MATERIAL FOR THIS TASK:

◆ ◆ ◆ ◆ ◆

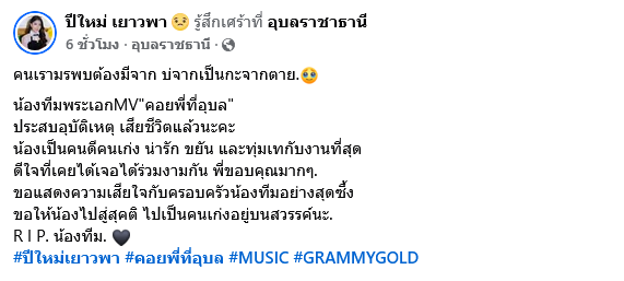 คนเรามรพบต้องมีจาก บ่จากเป็นกะจากตาย น้องทีมพระเอกMV คอยพี่ที่อุบล ประสบอุบัติเหตุ เสียชีวิตแล้วนะคะ น้องเป็นคนดีคนเก่ง น่ารัก ขยัน และทุ่มเทกับงานที่สุด ดีใจที่เคยได้เจอได้ร่วมงามกัน พี่ขอบคุณมากๆ ขอแสดงความเสียใจกับครอบครัวน้องทีมอย่างสุดซึ้ง ขอให้น้องไปสู่สุคติ ไปเป็นคนเก่งอยู่บนสวรรค์นะ R I P. น้องทีม
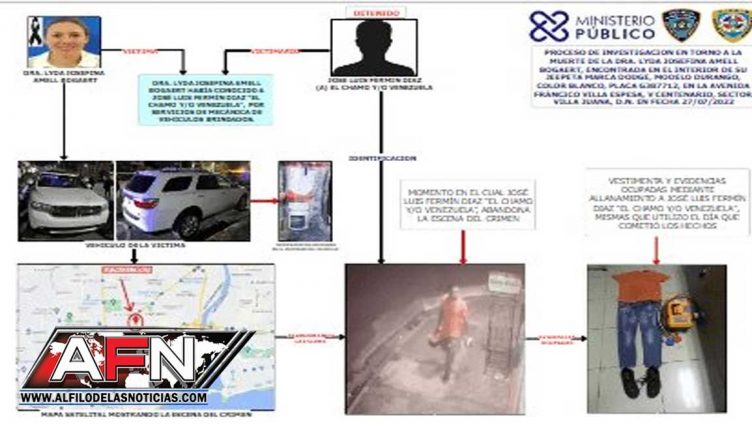 Han pasado 13 días desde que la odontóloga Lyda Josefina Amell Bogaert de Lalane fue encontrada muerta en el interior de su vehículo. Por el caso la Policía Nacional capturó a José Luis Fermín Díaz alias El Chamo y/o Venezuela, a quien imputó de haber cometido el crimen el 27 de julio pasado. La dama supuestamente había salido con él desde la tarde de ese miércoles y en la noche la mató en el vehículo de su propiedad en el cual se desplazaban, sin que se conozca hasta el momento el móvil del crimen.
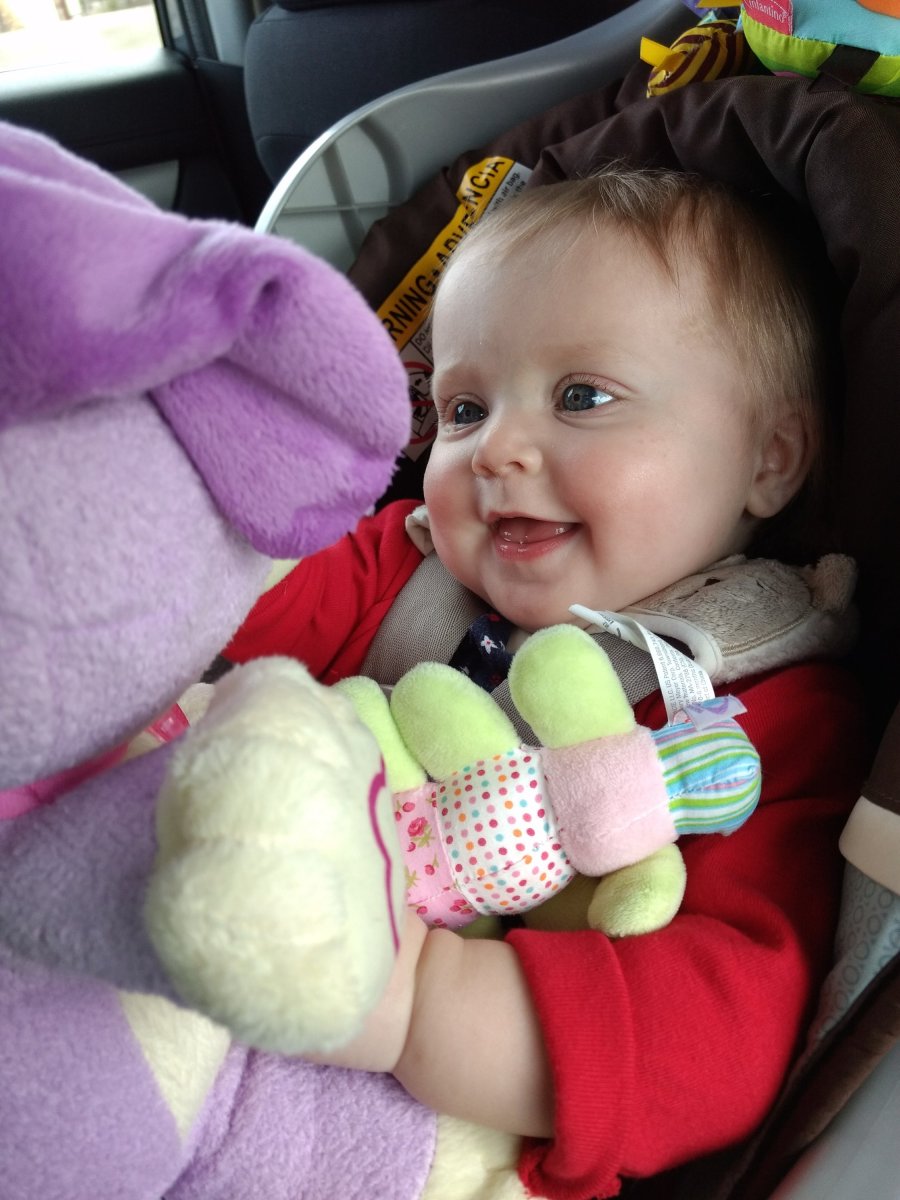 We went to visit Godparents Kathryn and John where she opened her first gift (a fantastic book about important ladies in science), and it brought out a gift opening paper tearing squealing monster.
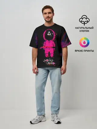 Мужская футболка оверсайз / Игра в кальмара глитч
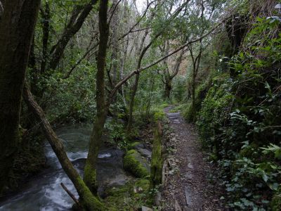 The route runs in the initial phase, together with the green route, in some narrow streets of Côja, towards the roman Bridge where it begins the tour through dirt floors, into the Parque do Vale. In this phase the trail follows the limit of the urban perimeter of Côja towards the Airfield and the area of the old ceramic industries where it leaves the green trail, going north and always on dirt roads. From this point the trail goes around the Aerodrome to the north and follows along the valley of the Alva river, at the interface of the agricultural and forestry zone, to the stone bridge over the Alva River, in Barril de Alva. Here the route reverses the direction again towards Côja, parallel to the direction to go, but at a higher elevation, allowing good visibility over the Alva Valley, passing through the "Valleys" area, until the proximity of the old industrial ceramics. In this area, the route inflects south towards Casal de S. João, through the Gândara area. In the locality of Casal de S. João the trail makes a tarmac crossing of about 0.65 km, on a little busy municipal road, leaving from a path on the right, towards the agglomeration of Pisão. The crossing of this locality is made through the old streets, passing by the church, towards the agricultural area by the way to Casal Mourão and Vale de Carro. From this zone the trail always follows the direction of Ribeira da Mata da Margaraça through agricultural tracks and a section of 0,25 km of tar to Senhora da Ribeira, where the crossing of Ribeira is made by ford or through a bridge, being found afterwards with the green trail, following an agricultural trail until the end, in Parque do Prado.
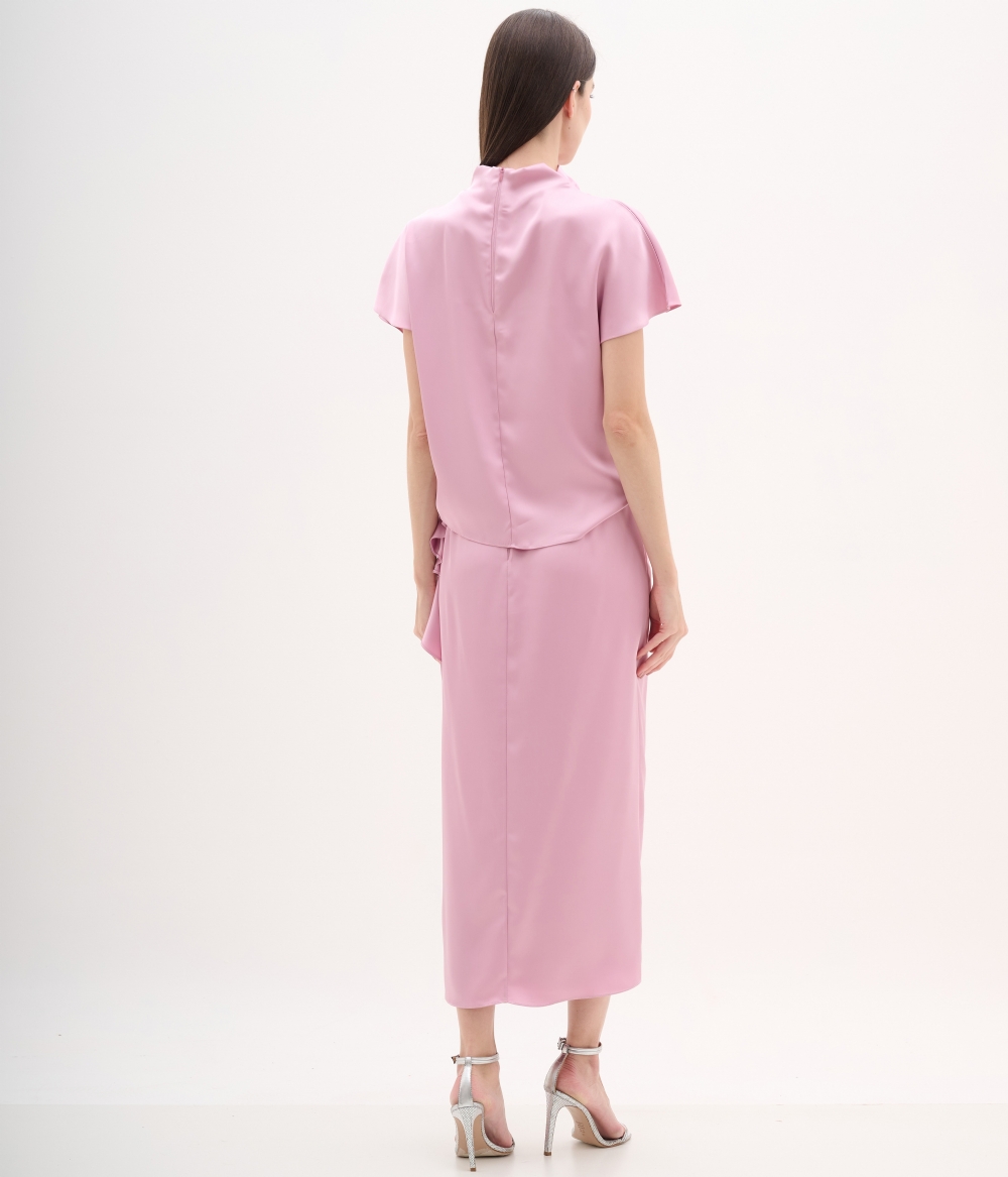 Drapeado frontal suave, valorizando o caimento natural do tecido.

◆ ◆ ◆ ◆ ◆

ACTION ITEM:
Print the listing exactly, but skip its pictures.

RESPONSE TO THE EXERCISE:
 คนเรามรพบต้องมีจาก บ่จากเป็นกะจากตาย น้องทีมพระเอกMV คอยพี่ที่อุบล ประสบอุบัติเหตุ เสียชีวิตแล้วนะคะ น้องเป็นคนดีคนเก่ง น่ารัก ขยัน และทุ่มเทกับงานที่สุด ดีใจที่เคยได้เจอได้ร่วมงามกัน พี่ขอบคุณมากๆ ขอแสดงความเสียใจกับครอบครัวน้องทีมอย่างสุดซึ้ง ขอให้น้องไปสู่สุคติ ไปเป็นคนเก่งอยู่บนสวรรค์นะ R I P. น้องทีม
 Han pasado 13 días desde que la odontóloga Lyda Josefina Amell Bogaert de Lalane fue encontrada muerta en el interior de su vehículo. Por el caso la Policía Nacional capturó a José Luis Fermín Díaz alias El Chamo y/o Venezuela, a quien imputó de haber cometido el crimen el 27 de julio pasado. La dama supuestamente había salido con él desde la tarde de ese miércoles y en la noche la mató en el vehículo de su propiedad en el cual se desplazaban, sin que se conozca hasta el momento el móvil del crimen.
 We went to visit Godparents Kathryn and John where she opened her first gift (a fantastic book about important ladies in science), and it brought out a gift opening paper tearing squealing monster.
 Мужская футболка оверсайз / Игра в кальмара глитч
 The route runs in the initial phase, together with the green route, in some narrow streets of Côja, towards the roman Bridge where it begins the tour through dirt floors, into the Parque do Vale. In this phase the trail follows the limit of the urban perimeter of Côja towards the Airfield and the area of the old ceramic industries where it leaves the green trail, going north and always on dirt roads. From this point the trail goes around the Aerodrome to the north and follows along the valley of the Alva river, at the interface of the agricultural and forestry zone, to the stone bridge over the Alva River, in Barril de Alva. Here the route reverses the direction again towards Côja, parallel to the direction to go, but at a higher elevation, allowing good visibility over the Alva Valley, passing through the "Valleys" area, until the proximity of the old industrial ceramics. In this area, the route inflects south towards Casal de S. João, through the Gândara area. In the locality of Casal de S. João the trail makes a tarmac crossing of about 0.65 km, on a little busy municipal road, leaving from a path on the right, towards the agglomeration of Pisão. The crossing of this locality is made through the old streets, passing by the church, towards the agricultural area by the way to Casal Mourão and Vale de Carro. From this zone the trail always follows the direction of Ribeira da Mata da Margaraça through agricultural tracks and a section of 0,25 km of tar to Senhora da Ribeira, where the crossing of Ribeira is made by ford or through a bridge, being found afterwards with the green trail, following an agricultural trail until the end, in Parque do Prado.
 Drapeado frontal suave, valorizando o caimento natural do tecido.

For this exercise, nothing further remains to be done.